Save the tokenizer along with the model, so everything is packed in the same place:

```python

> tokenizer.save_pretrained("./mytunned_model")

```

This will avoid the requirement to manually load the tokenizer on each further operation.

And later be recovered:

```python

> from transformers import AutoModelForQuestionAnswering

> model = AutoModelForQuestionAnswering.from_pretrained("./mytunned_model")

```

#### 4. Extracting with the model.

```python

> from transformers import AutoTokenizer

> tokenizer = AutoTokenizer.from_pretrained("deepset/roberta-base-squad2")

> from emodels.datasets.hugging import QuestionAnswerer

> question_answerer = QuestionAnswerer("./mytunned_model")

> question_answerer.answer(question="Which is the name?", context=)

```

#### 5. Evaluating the model.

Optionally, evaluate the extraction with the base untunned model:

```python

> from emodels.datasets.hugging import evaluate

> evaluate(eds.iter(), model_path="deepset/roberta-base-squad2")

```

This will return a score dictionary, one item per dataset bucket. Then, do the same for the tunned model:

```python

> evaluate(eds.iter(), model="./mytunned_model")

```

if everything went ok, the score of the tunned model should be bigger than the pretrained one.

This evaluation is different than the one performed by trainer.evaluate() above. While the last evaluates by comparing

indexes results, which are the output and target of the model, the one here evaluates actual results as extracted text.

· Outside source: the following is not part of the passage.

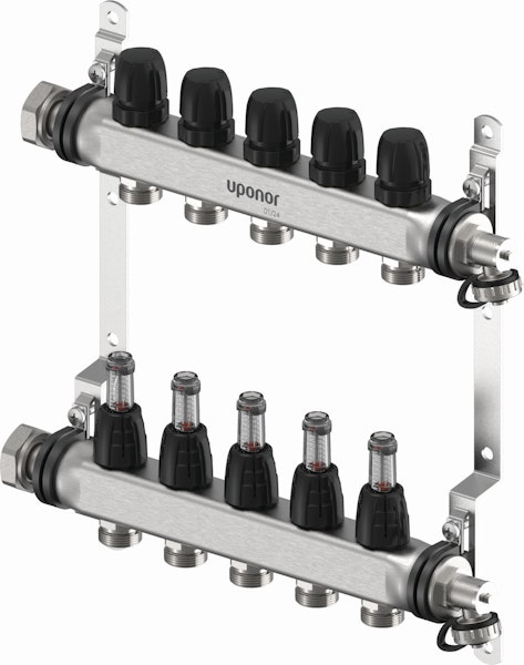 Ruostumattomasta teräksestä valmistettu esikasattu jakotukki, joka sisältää virtausmittarit. Jakotukkia on saatavana 2-12 lähtöisenä ja se voidaan halutessa asentaa Uponor Vario -jakotukkikaappiin.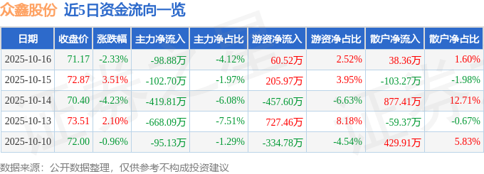 证券之星消息,截至2025年10月16日收盘,众鑫股份(603091)报收于71.17元,下跌2.33%,换手率1.08%,成交量3332.0手,成交额2398.19万元。

The above line performs a full evaluation on training and test buckets contained in the provided dataset. You can also perform

partial evaluations, by specifying either training or test bucket, and the fields over which you want to perform the evaluation.

## html2text module

This is a modified and tuned copy of the html2text python library, with modifications required to work for the purpose of this package. You won't usually need to import this module directly. It is

mostly there for correct working of the other modules in this package.